The concept of ALARA is considered as a principle in imaging tests, according to which any imaging of children should be justified in terms of justification and, in fact, the benefit of the test is greater than its risk. Therefore, physicians need to be aware of the risks of each imaging, so they can prescribe the best and safest diagnosis to reduce injuries to the patient. According to this study, the statistical population did not have enough awareness of this principle, and only 24.4% of the community were aware of this principle. In the study of Salerno et al. (16), 27% of the community was aware of this principle, which is similar to the current study in this regard.

A comparison of this study with other studies shows that physicians’ knowledge of radiation doses and the risks of current diagnostic tests in Iran was not sufficient in 2016, and this can be improved through purposeful training (17). Salerno et al. (16) addressed the risks of children’s exposure to radiation among pediatric residents in Italy. They showed that physicians’ awareness of the non-ionizing nature of the MRI test was 79% and highlighted the need for implementation of protective training courses for physicians to raise their awareness in this regard. The results of this study are the same as that of the current study in terms of knowledge of the non-ionizing nature of MRI.

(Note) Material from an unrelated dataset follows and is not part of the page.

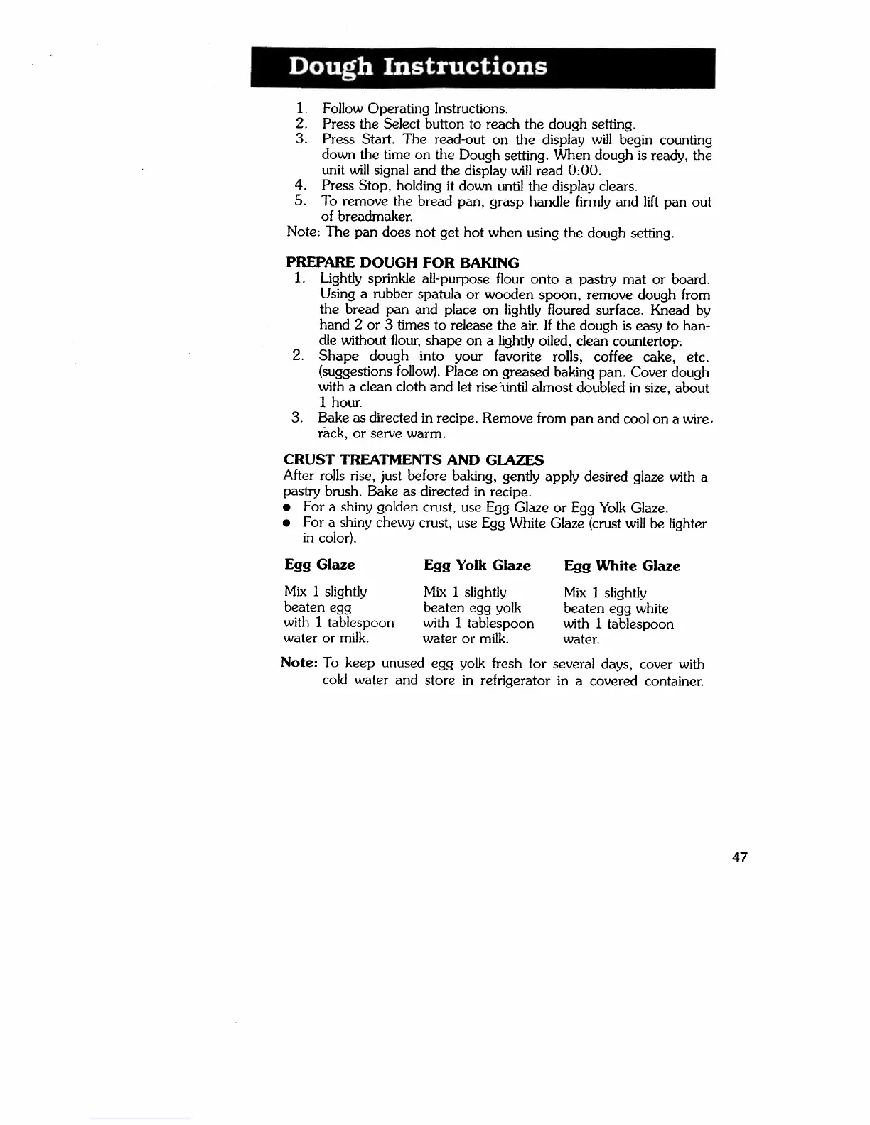 Regal k6783 - Dough Instructions; PREPARE DOUGH FOR BAKING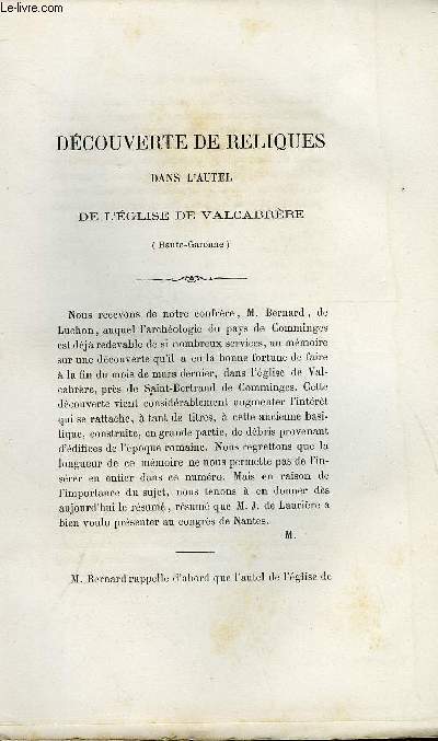 SOCIETE FRANCAISE D'ARCHEOLOGIE. 1886. In-12. Broché. Bon état, Couv. convenable, Dos satisfaisant, Intérieur frais. Paginé de 501 à 516. Héliogravure en noir et blanc sous serpente d'un chapiteau, vase et sceau trouvés dans l'autel de Valcabrère.. . . . Classification Dewey : 930.1-Archéologie

Gunalp et al. (12) found that the knowledge of medical interns, residents, and radiologists in Turkey was not satisfactory. Similarly, Thomas et al. (11) stated that radiation from diagnostic imaging is an insignificant issue among physicians, and their awareness is poor in this regard. Unlike other studies, Heyer et al. (18) showed that the level of awareness of pediatric residents in Germany has increased. Soye and Paterson (19) admit that physicians need to be trained in diagnostic radiation. Keijzers and Britton (20) examined the knowledge of emergency department physicians and found that their overall knowledge of diagnostic imaging was poor. A study by Rahman et al. in Pakistan in 2008 on cardiovascular specialists during angiography and its protection showed that 93% of the sample knew about lead shields and used lead coveralls (21). A recent study in Italy showed that the knowledge of radiology specialists, radiology students, and medical students is limited with regards to protection from ionizing radiation (22). One important point to note here is that informing parents of the harms and risks of diagnostic imaging before performing tests on their children, should be considered ethically and legally.

The questionnaire used in this study was confirmed to be valid and reliable and provides the basics for protecting children against diagnostic imaging tests. The participants surveyed in this study do not represent the entire medical population, yet given the high rate of answers to the questions, it is almost possible to say that statistics are consistent with reality.

4.1. Conclusion

The results of this descriptive study showed that residents have a higher level of knowledge about pediatric diagnostic imaging radiation. Based on the results of this study, it is recommended to reduce radiation exposure of children, raise the awareness of general and specialized medical students at universities and hospitals through retraining courses, holding workshops and adding courses on radiation protection and the effects of radiobiology.